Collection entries
-- Opening Marker --

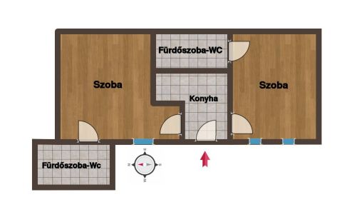 A lakás dupla komfortos, központi bejárattal rendelkező közös konyhából két teljesen különálló lakrész nyílik, mindkettő saját fürdőszobával. Ez az elrendezés ideális több bérlős hasznosításhoz, illetve lehetőséget ad arra is, hogy az egyik lakrész saját használatban maradjon, míg a másik bérbeadásból folyamatos bevételt termeljen.
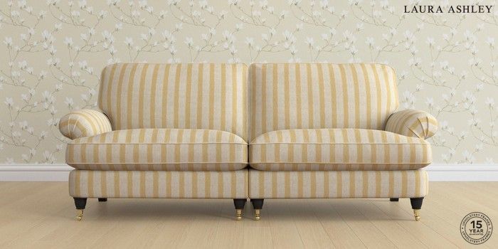 7.0.3 Buy Beaumaris by Laura Ashley 4 Seater Sofa Kinsham Stripe Ochre Yellow Low Brass Castor - Black from the Next UK online shop Click here to use our accessible website
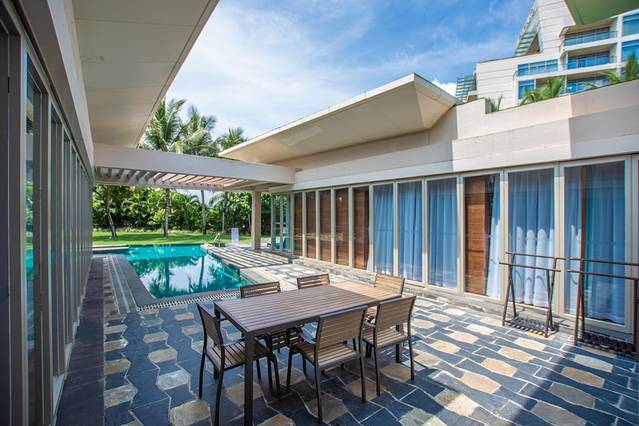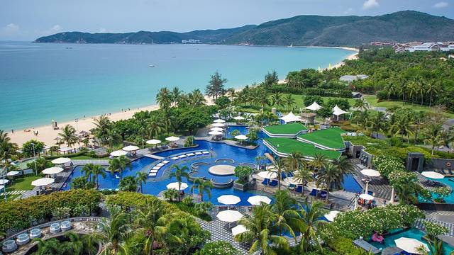 美高梅度假酒店占据着亚龙湾的核心位置,酒店内有泳池也有一片宽阔的海滩的。酒店除了有各种不同配置的泳池客房、海景客房和高尔夫客房之外还有适合亲子出游的套房。
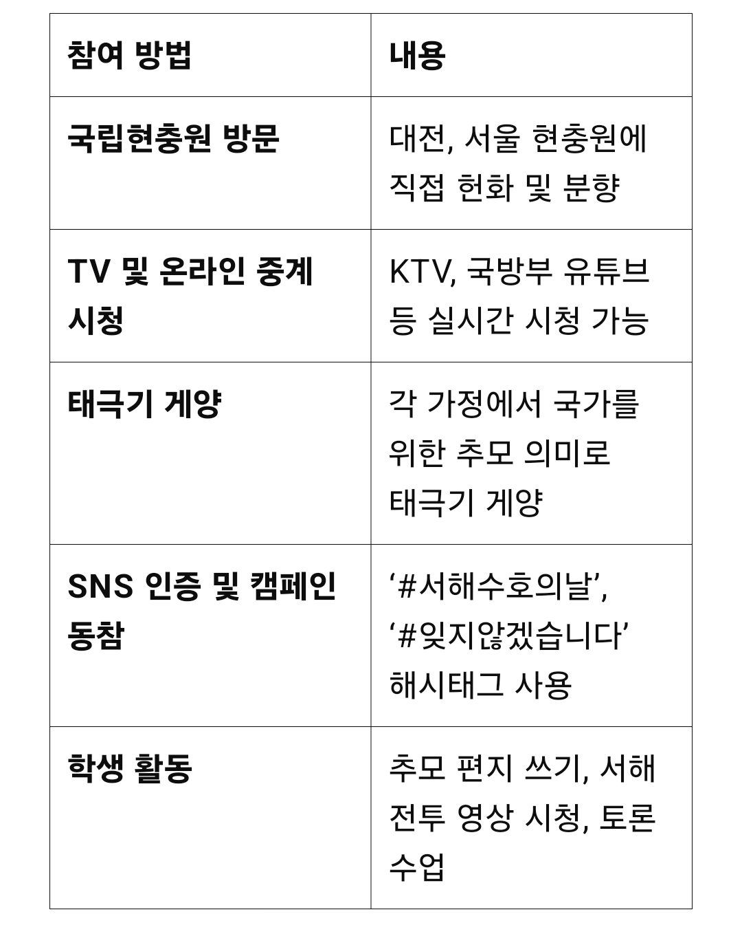 서해수호의 날은 단순한 추모일이 아니라 국민 안보의식 고취를 위한 교육적 기회입니다.
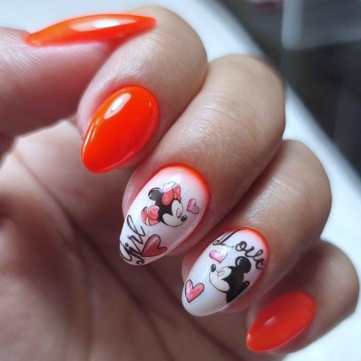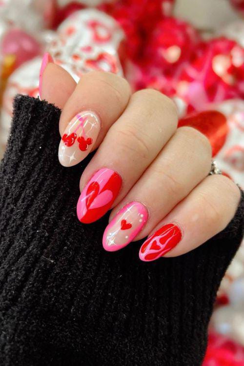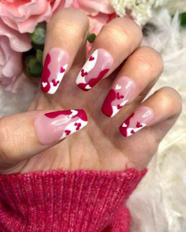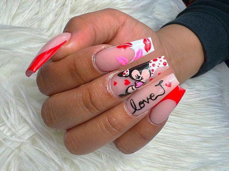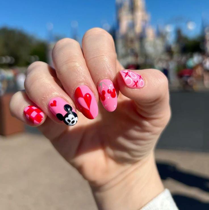 A playful mix of pink, red, and white nails with cute Mickey and Minnie accents. The design feels fun, bold, and perfect for a Disney-themed Valentine’s look.
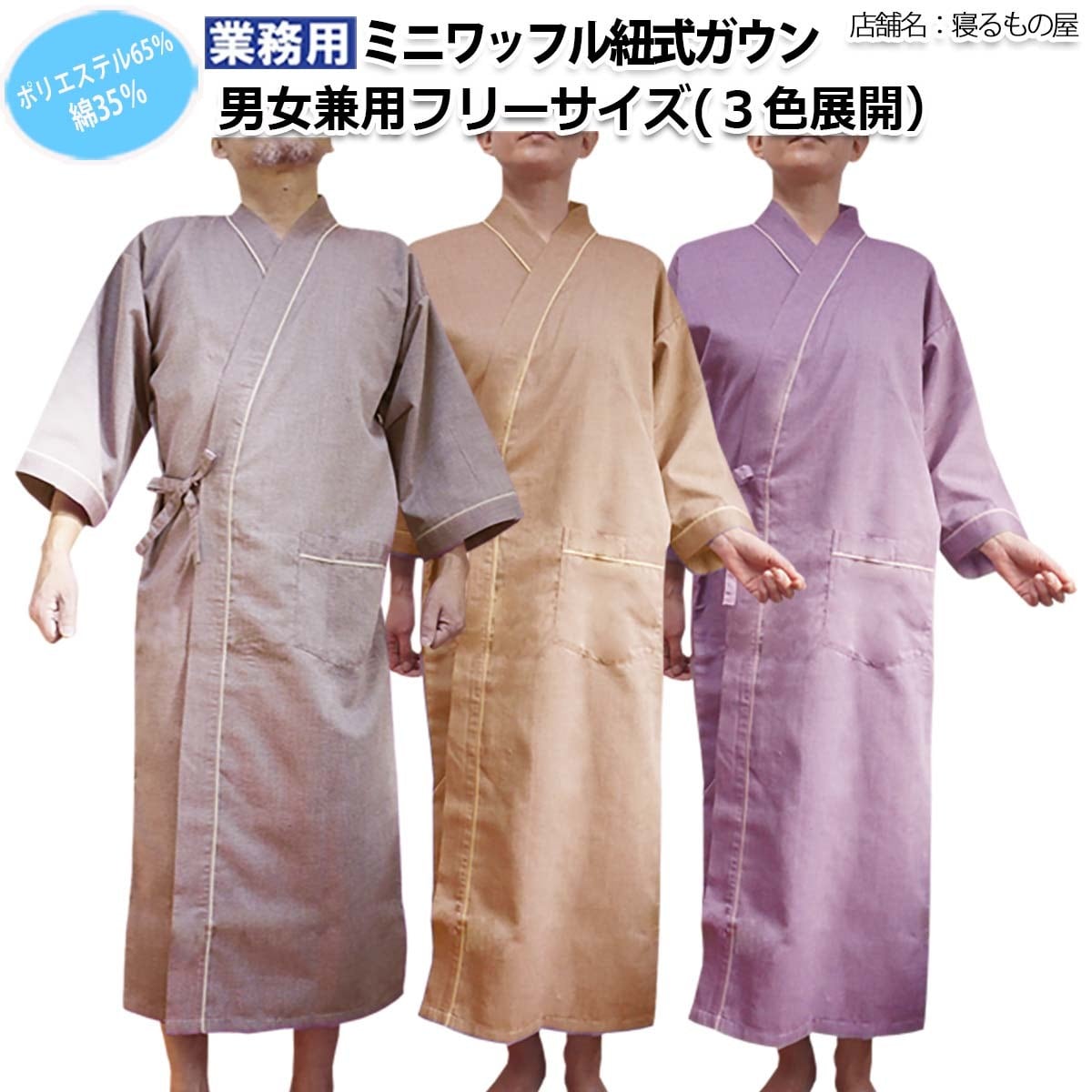 ガウン業務用【単品】ポリ65% 綿35% 大人用フリーサイズ ミニワッフル紐式 ポケット付き グレー ブラウン パープル メール便(ポスト投函配送) 三露産業 パジャマ 病衣 部屋着 ホテル 旅館 民宿 民泊/367710030
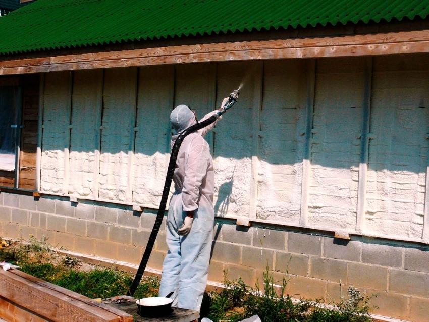 - пенополиуретан (прочный, низкая теплопроводность, долговечность, устойчивость к температурным перепадам, отсутствие швов при нанесении, однако, может создавать давление в трещинах здания, подвержен влиянию ультрафиолета, низкая пожаробезопасность при нанесении);
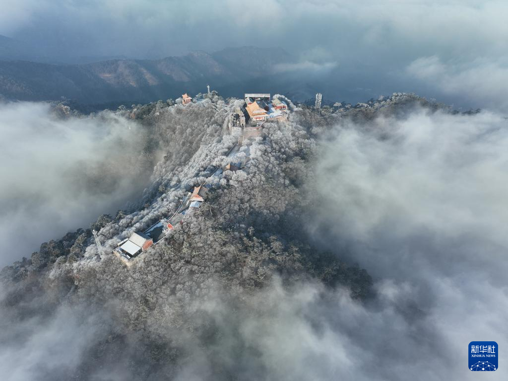当日,雪后的河北唐山市迁西县出现云海雾凇景观,山峰、树木、古建筑在云雾中时隐时现,美如画卷。
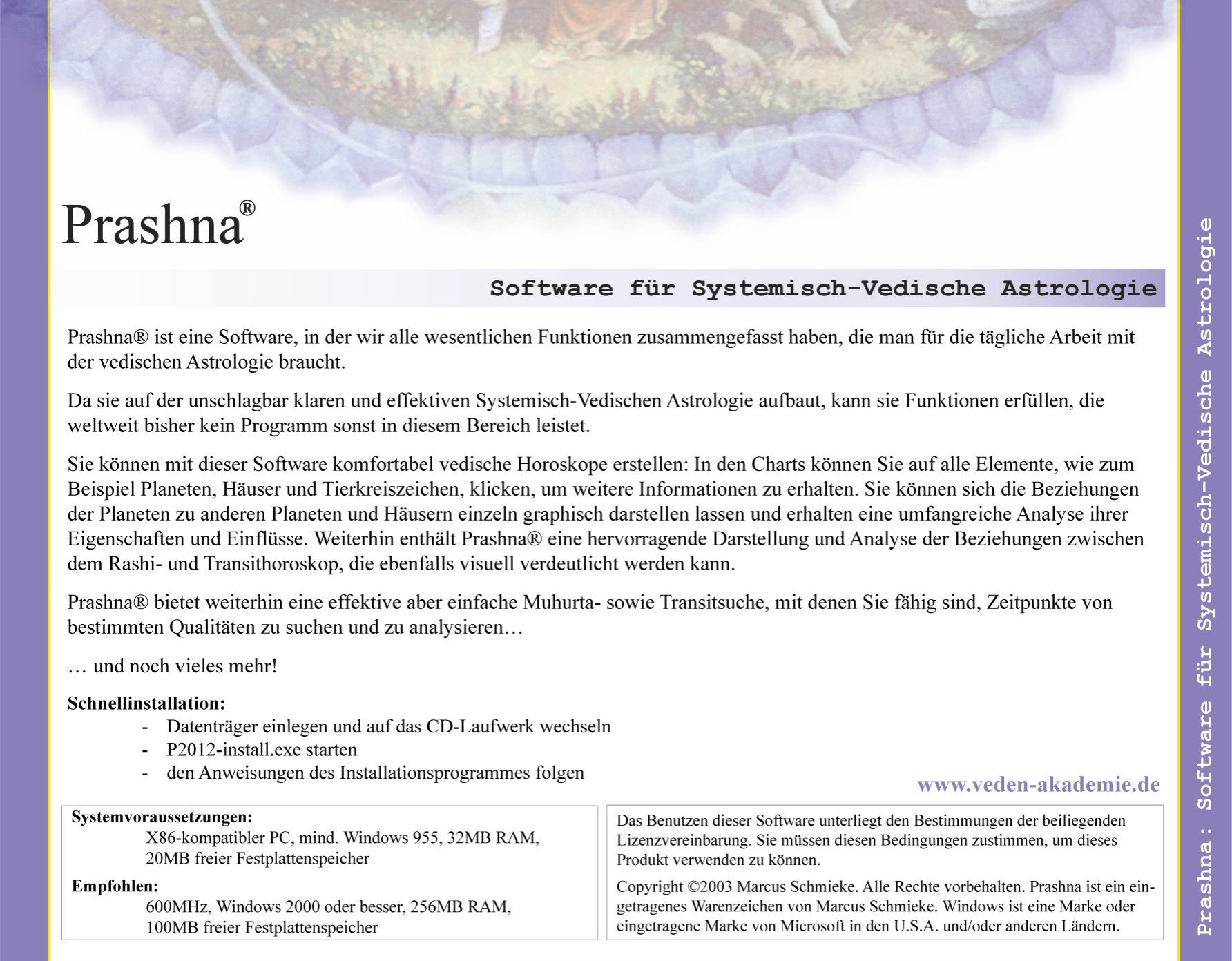In dieser Software für Vedische Astrologie haben wir alle wesentlichen Funktionen zusammengefasst, die man für die tägliche Arbeit mit der vedischen Astrologie braucht. Da Prashna auf der unschlagbar klaren und effektiven Systemisch-Vedischen Astrologie von Prof. V.K. Choudhrys aufbaut, kann es Funktionen erfüllen, die weltweit keine Software für Vedische Astrologie leistet. Die drei Ausbaustufen der Software enthalten u.a. die folgenden Features, wobei jede Version alle Funktionen der vorausgehenden Stufen umfasst. Dieses Programm funktioniert nur mit Windows-Betriebssystemen ab Windows XP oder darüber!

-- Closing Marker --

Try it
Repeat each line of the records exactly. Do not include the pictures.

Answer to this problem
 A lakás dupla komfortos, központi bejárattal rendelkező közös konyhából két teljesen különálló lakrész nyílik, mindkettő saját fürdőszobával. Ez az elrendezés ideális több bérlős hasznosításhoz, illetve lehetőséget ad arra is, hogy az egyik lakrész saját használatban maradjon, míg a másik bérbeadásból folyamatos bevételt termeljen.
 7.0.3 Buy Beaumaris by Laura Ashley 4 Seater Sofa Kinsham Stripe Ochre Yellow Low Brass Castor - Black from the Next UK online shop Click here to use our accessible website
 美高梅度假酒店占据着亚龙湾的核心位置,酒店内有泳池也有一片宽阔的海滩的。酒店除了有各种不同配置的泳池客房、海景客房和高尔夫客房之外还有适合亲子出游的套房。
 서해수호의 날은 단순한 추모일이 아니라 국민 안보의식 고취를 위한 교육적 기회입니다.
 A playful mix of pink, red, and white nails with cute Mickey and Minnie accents. The design feels fun, bold, and perfect for a Disney-themed Valentine’s look.
 ガウン業務用【単品】ポリ65% 綿35% 大人用フリーサイズ ミニワッフル紐式 ポケット付き グレー ブラウン パープル メール便(ポスト投函配送) 三露産業 パジャマ 病衣 部屋着 ホテル 旅館 民宿 民泊/367710030
 - пенополиуретан (прочный, низкая теплопроводность, долговечность, устойчивость к температурным перепадам, отсутствие швов при нанесении, однако, может создавать давление в трещинах здания, подвержен влиянию ультрафиолета, низкая пожаробезопасность при нанесении);
当日,雪后的河北唐山市迁西县出现云海雾凇景观,山峰、树木、古建筑在云雾中时隐时现,美如画卷。
In dieser Software für Vedische Astrologie haben wir alle wesentlichen Funktionen zusammengefasst, die man für die tägliche Arbeit mit der vedischen Astrologie braucht. Da Prashna auf der unschlagbar klaren und effektiven Systemisch-Vedischen Astrologie von Prof. V.K. Choudhrys aufbaut, kann es Funktionen erfüllen, die weltweit keine Software für Vedische Astrologie leistet. Die drei Ausbaustufen der Software enthalten u.a. die folgenden Features, wobei jede Version alle Funktionen der vorausgehenden Stufen umfasst. Dieses Programm funktioniert nur mit Windows-Betriebssystemen ab Windows XP oder darüber!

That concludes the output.